Salvatore Satta, un importante giurista del secolo scorso, ma che quando è morto nel 1975 si è scoperto che era anche un narratore straordinario e un letterato di grande finezza, ci ha lasciato un libro bellissimo: un romanzo epico e visionario ormai tradotto in diverse lingue, «Il giorno del giudizio». Ebbene, uno dei personaggi del libro, Ludovico, è un ragazzo che studia e legge tanti libri ma, come osserva Satta, a questa sua «vocazione della conoscenza» non «corrispondeva la capacità di conoscere» veramente. «Il guaio di Ludovico – scrive Satta – è che la vita non lo lasciava sognare, lo chiamava a far parte della realtà». Una realtà cioè tutta schiacciata sul presente, priva di ogni prospettiva e di ogni capacità di immaginare/sognare qualcosa di diverso.

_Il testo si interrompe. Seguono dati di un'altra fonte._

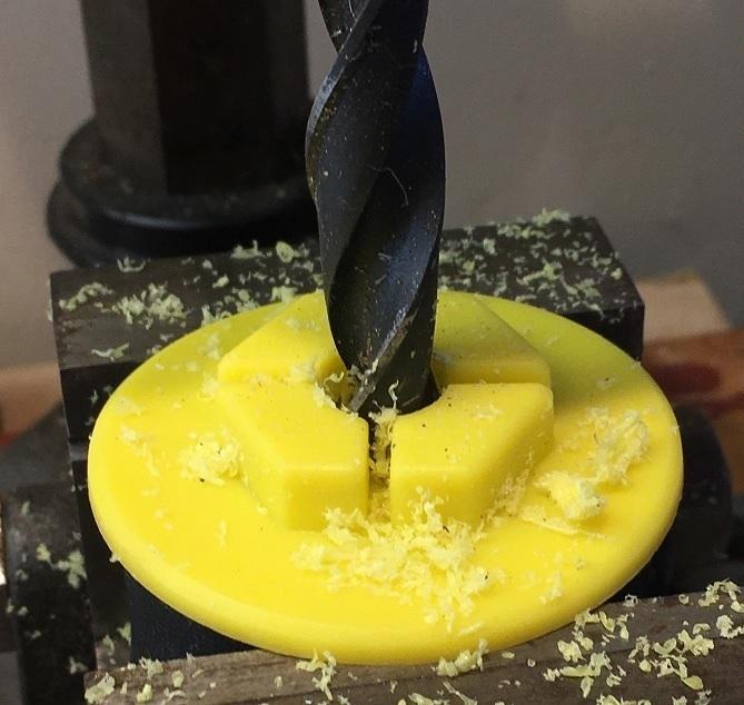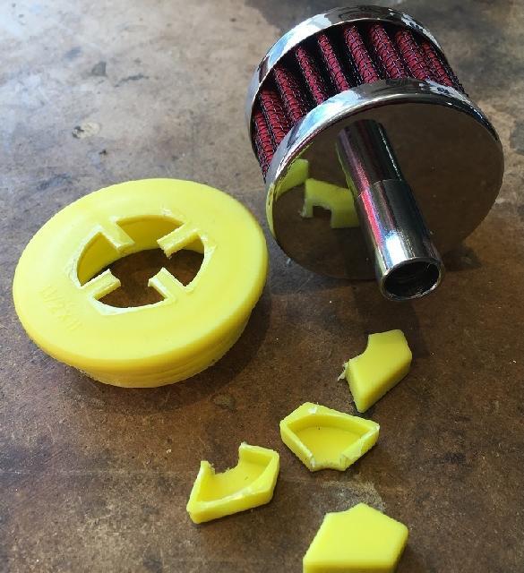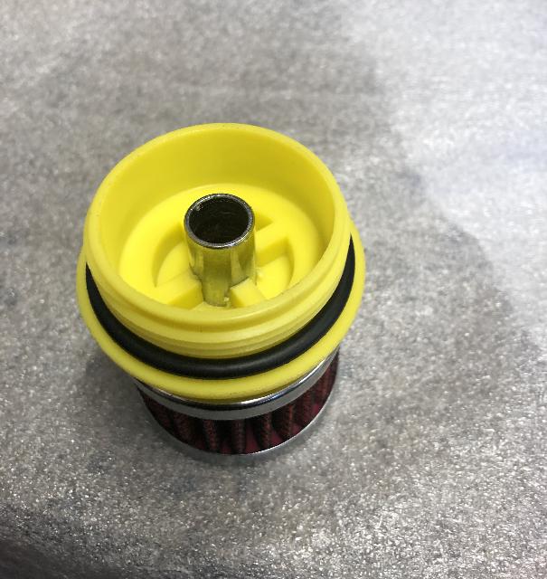 Here is another one (below) done by Andy Hinton in the UK, The center hole was drilled, but the extended hex boss was not removed. That makes it a bit taller with a small space below the filter shell. Andy reports that his filter fits well into the drilled hole and does not need to be glued in place. If you do want to glue these parts together, JB Weld works well. Not to worry about temperature resistance of the adhesive, as the plastic will suffer from heat long before it gets hot enough to bother the JB Weld.
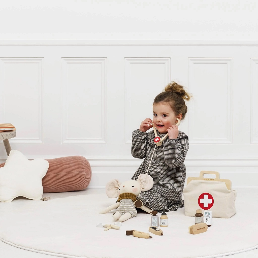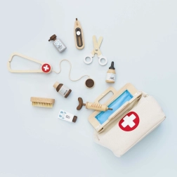Тази уникална ветеринарна чанта с аксесоари е идеална за малки любознателни ветеринари. Комплектът включва 10 броя инструменти, изработени от байцвано естествено дърво с FSC сертификация, което гарантира екологичен и устойчив произход. Децата могат да се потопят в света на грижата за животни благодарение на разнообразните инструменти като стетоскоп, ножичка и спринцовка. Чантата е проектирана да стимулира креативността и да развива въображението.
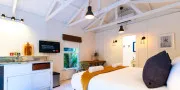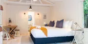A little further up the section you will find the cabana, a one-bedroom stand-alone unit, fully air-conditioned, with its own luxurious king sized bed, private en-suite bathroom, kitchenette and smart TV. This is great spot for a couple to stay and the bed can be split into two singles making it equally good for friends to share.
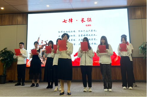 中央红军从江西瑞金出发,历经血战湘江、四渡赤水、巧渡金沙江等战争,总里程约为二万五千余里,最终在甘肃会宁会师。在对上述长征历史举行回首后,周智年教授和学生代表通过颂读毛泽东同志的《七律·长征》再一次配合感悟了伟大的长征精神。
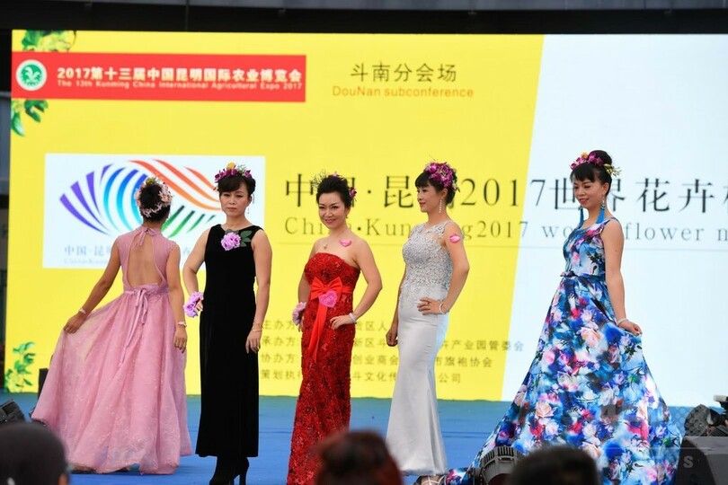 ファッションデザイナーの郭鴻(Guo Hong)氏は、「斗南鎮は中国だけでなくアジア最大の花取引市場として、花の材料が豊富。この花モデルコンテストの開催によって、もっと斗南の花をアピールし、地元の素材を用いた創作と、斗南産の花き産業の発展を後押ししたい」と語った。
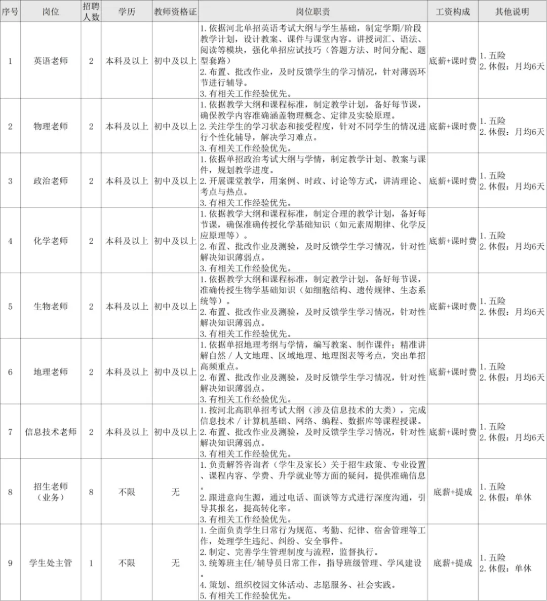 七、招聘程序(一)发布公告2026年2月28日通过诺优考https://w.nuoyoukao.com向社会公开发布招聘信息。(二)报名和资格审查1.报名方式及时间采用网上报名和资格初审的方式,每名报考人员只能报考一个岗位。报名网址:https://s.nuoyoukao.com/s/2623网上报名时间:2026年2月28日—2026年3月20日下午16:00报名咨询电话:0311-85256519(工作时间:周一至周五上午9:00-12:00,下午13:00-17:00)2.报名注意事项每人限报一个岗位。资格审查标准:依据招聘岗位设置的条件进行资格审查。网上资格初审通过的考生可进入网上缴费环节。系统显示缴费成功后即报名通过,具备参加笔试资格(报考招生老师岗位,且符合岗位要求的考生无需缴费及参加笔试,面试时间另行通知,请报考该岗位的考生保持手机畅通)。查询结果为“初审驳回”的考生可根据提示驳回原因进行修改,审核工作人员根据修改后信息进行再次审核。经修改后,初审结果仍显示“未通过”且不能再修改的考生不具备报名资格。网上资格初审通过的考生可进入网上缴费环节,缴纳考试服务费100元(招生老师岗位除外)。系统显示缴费成功后即报名通过,具备参加笔试资格,缴费成功后不予退费,请考生慎重考虑。网上审核时间:2026年2月28日—2026年3月20日下午17:00网上缴费截止时间:2026年3月21日12:00特别说明:1.考生开始报名前,须详细了解本次招聘政策和拟应聘岗位条件,认真阅读《报考须知》,然后按步骤进行具体操作。2.网上报名实行严格的自律机制,考生必须对提交审核的报名信息的真实性负责。在资格审核时,凡发现网上填报的信息与实际情况不一致的,取消应聘资格。3.报名时请规范填写和选择表项,上传的电子照片要符合要求,否则将被报名系统自动拒绝。报考信息通过审核后才能进行缴费操作,缴费成功即完成报名。4.考生应及时关注报名网站的笔、面试等后续公告;务必牢记报名和缴费截止时间、打印《笔试准考证》时间、笔试时间、打印《面试通知单》时间、面试时间等重要时间信息,凡是在规定时间未完成相关操作的,将被视为自动放弃。同时,报名和考试期间务必保管好个人的证件和信息,因个人原因造成丢失、被他人盗用和信息被恶意篡改而影响报名和考试的,责任自负。(三)笔试(招生老师岗位除外)1.笔试内容:笔试采取闭卷方式进行,考试时间90分钟。包含教育学、教育心理学、教学教法、教育法律法规、教师职业道德、时政、专业知识等(不指定复习材料),满分100分,笔试成绩占总成绩的30%。2.笔试具体地点及考试时间和要求详见《笔试准考证》。应聘人员应按照准考证上确定的考试时间、地点、考场参加考试。参加考试时,必须同时携带准考证和有效期内二代身份证(含有效期内的临时身份证),缺少证件的考生不得参加考试。 (四)面试(招生老师岗位除外)面试方式及时间详见后续通知。面试成绩满分为100分,占总成绩的70%,并设合格分数线60分,面试成绩低于60分的不得进入下一招聘环节。 (五)签订合同上岗1.经公示期满无异议的拟录用人员,或有反映问题但经核实不影响录用的,按规定签订劳动合同。2.对公示反映有严重问题并查有实据,不符合录用条件的,取消其拟录人选资格,对反映有严重问题但一时难以查实的,暂缓录用,待查实并做出结论后决定是否录用。3.在办理录用手续期间,不在规定时间报到的,取消其录用资格,并从报考同一岗位中,按总成绩从高分到低分依次递补。4.被录用人员与学校所属单位直接签订《劳动合同》,办理入职、工资、社会保险等相关事宜。(六)福利待遇考核通过后,缴纳社会保险(五险)、提供带薪年假、节日福利、免费住宿、学校食堂、专业培训与晋升机会等。(七)其他有关事项1.凡考生未在规定时间内按要求参加笔试、面试、报到等环节的,均视为自动放弃应聘资格;资格审核贯穿招聘工作全程,在任何环节,发现考生不符合招聘条件,弄虚作假的,取消应聘资格,问题严重的要追究责任。2.请考生网上报名时,务必填写本人常用联系方式,确保在招录期间保持手机等通讯设备畅通。3.考生通过最终面试后与学校有7天的互相考察期。
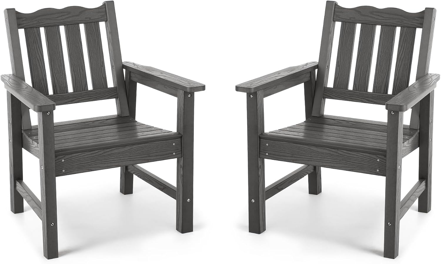 Stoog Outdoor Chairs Set of 2, All-Weather HIPS Patio Dining Chairs with Curved Backrest, 400 lbs Support Garden Chairs, Grey
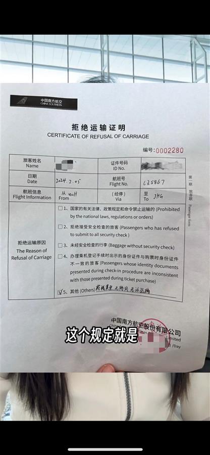 南航出具的拒绝运输证明
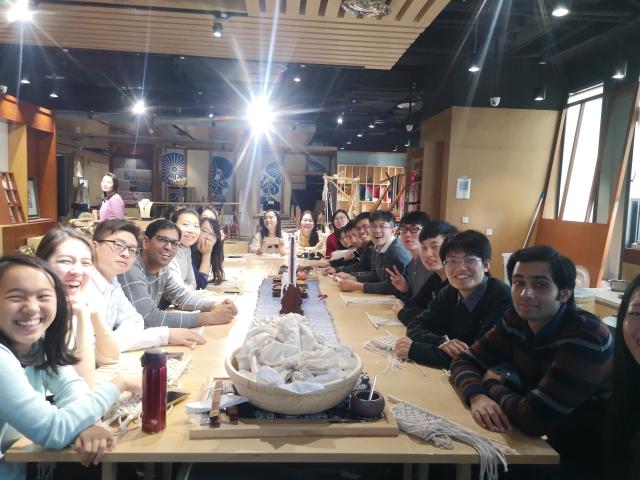 到达科技文化交流中心并在馆前合影留念后,大家就进入了交流中心开始了今天的参观体验。馆内设置有四个不同主题的活动空间,此次我们主要参观了位于四楼的“粹空间”。“粹空间”以中国传统文化之粹为主要内容,包括国学书院与非遗传承两大主题区。“粹空间”内陈列了各式各样的国粹精华,包括刺绣,织布,绣香囊以及扎染等工艺的过程和工具,令人目不暇接。
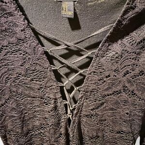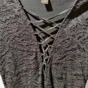 Forever 21 Black Lace Longsleeve Bodysuit size Small
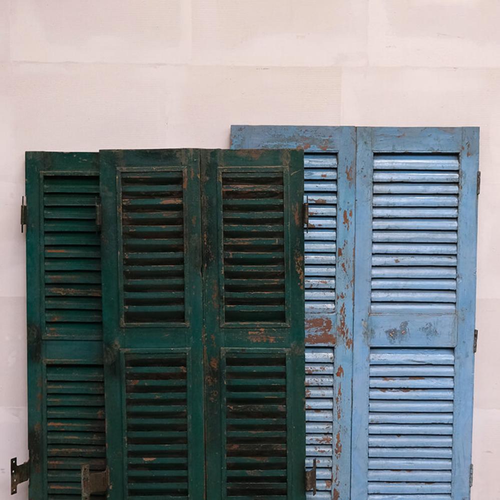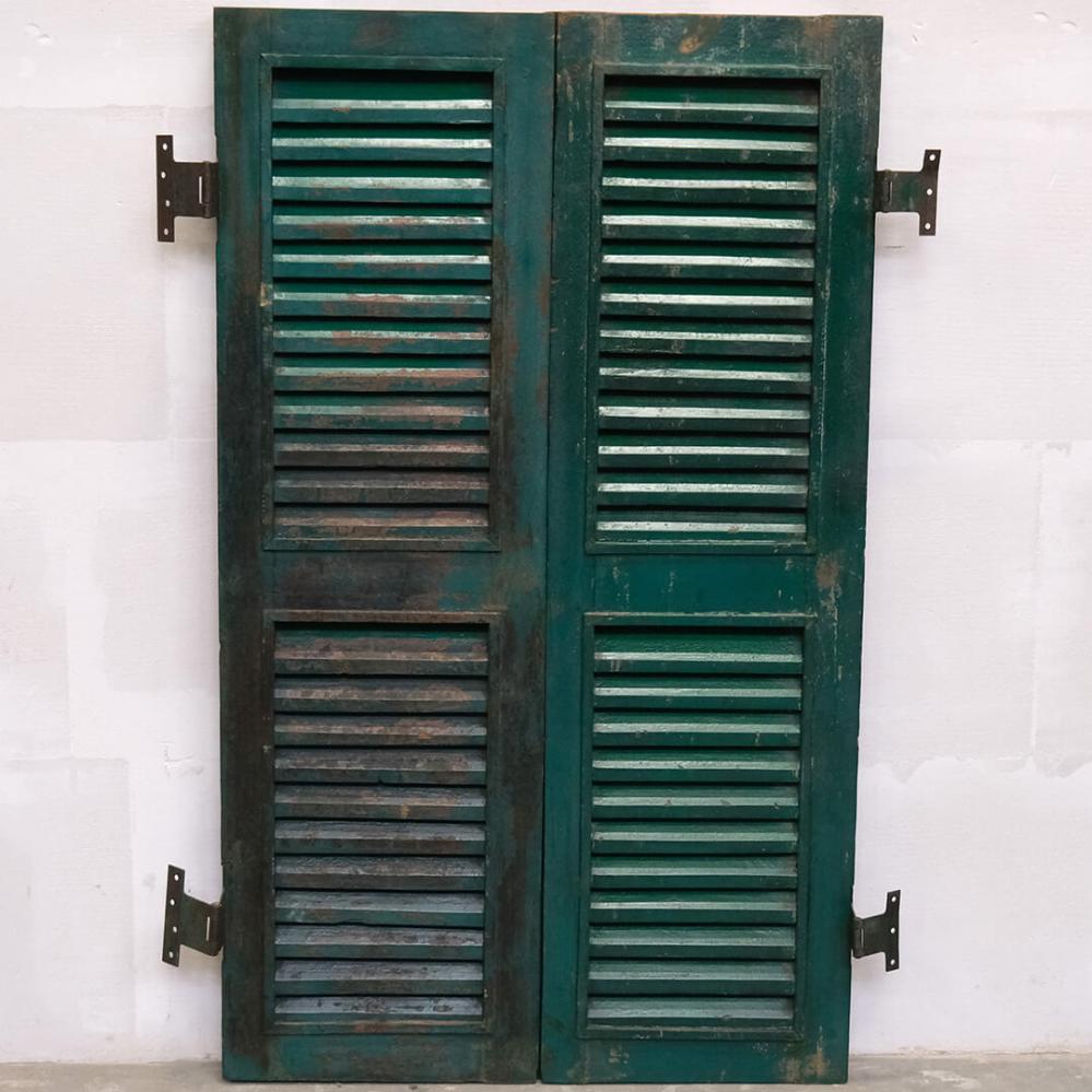 Beautiful old window shutters with slats. Use the beautiful patinated window shutters as a distinct and unique wall decoration in your shop or restaurant. Please note that a variation in colors and sizes is to be expected.

Ecco noi dobbiamo scongiurare che i nostri giovani (studenti e non) diventino come il Ludovico descritto da Satta. Dobbiamo cioè aiutare le nuove generazioni a immaginare ed escogitare soluzioni sempre nuove, a non lasciarsi sgomentare dalla realtà che li circonda, ma a considerarla come un compito e qualcosa da inventare continuamente. Un compito di cui però dobbiamo farci carico anche noi, soprattutto noi che abbiamo ruoli di responsabilità. Soltanto così lo «specchio di Gogol» ci potrà restituire in futuro un’immagine meno cupa e più incoraggiante della realtà.